At this point, the health department visits the home for environmental testing and assessment.
“And, as you might imagine, that sounds unethical,” she said. “We're using little children's bodies as divining rods to find lead in our environments.”
Chris Knaub, a global health research associate in the Eck Institute of Global Health, said the motivation behind creating a lead testing kit came from wanting to flip the way people currently test for lead. Rather than finding it in children and then fixing their homes, he said they want to test homes instead so people can prevent themselves from getting lead poisoning completely.
“That's what really hooked me — parents who have no idea they're poisoning their children or their children's being poisoned by their home environment, which is negatively impacting their entire life going forward,” Knaub said. “I really got inspired by the ability for our kit to hopefully interrupt that cycle of poverty, and give people and children more potential in life.”
In houses, lead is most commonly found in soil, paint, dust and water.
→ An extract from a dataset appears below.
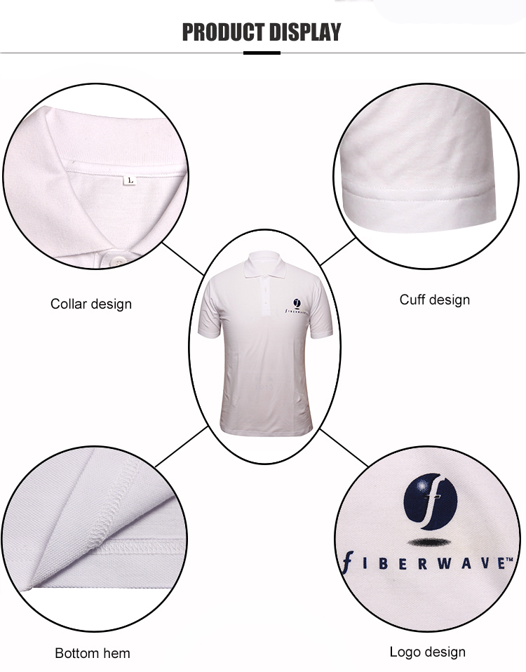 Class white polo shirt in pure color, which can be use as uniform, promotion, branded, small embroidery logo on the left chest, Flat knitted collar , a form clothes for working wear , Custom sizes and logos as you need, silk screen printing logo also can made

The original kit the team came up with included a series of bags, but they wanted to create something more attractive and official to encourage people to use the product, he said.
Even now, Knaub said, they are working on a new version of the kit, which will be shippable. A Housing and Urban Development (HUD) grant has made more innovation possible, he said.
Anyone can request the current iteration of the kit for free on NDLIT’s website.
Meghanne Tighe, a fourth-year graduate student, said she has been involved with NDLIT since its creation and has played a major role in discovering ways to make the kit easily testable.
“We send out hundreds of these kits a year. It's a ton of samples to be analyzed by one person,” Tighe said. “So I built an automated system that can analyze the samples kind of on their own — now an analyst just has to go and set it up.”
Tighe has also worked on improving the current kit. Using techniques she found in a Brita filter, she was able to create a simple and accurate way to test for lead in water samples.
Tighe said she is quite excited for the next iteration of the kit, which will include the water test in an effort to get a more complete picture of potential lead hotspots.
“I've always been a little hesitant to do research that I can't see a direct, tangible reason why you're doing it,” Tighe said. “So NDLIT has kept me really motivated to do my research, which I know is sometimes hard for other graduate students to keep motivated, especially when your work isn't working. It's been nice to have a project where I know exactly why I'm doing it, and I feel like I really am helping the community.”
Beidinger urged students to get involved with NDLIT. They offer a paid internship through the Center for Civic Innovation (CCI), have held various events throughout the school year and use student workers and researchers on the team.
“We love taking this multidisciplinary team and really applying it to our community,” Knaub said. “I think that the biggest thing that students can get out of this is our focus on the community. A lot of times research is focused on the results, and we try to change that — we're meeting the needs of the community first, and then we get our research done. It's not just doing what you think they need, it's listening and then applying what they say and creating interventions.”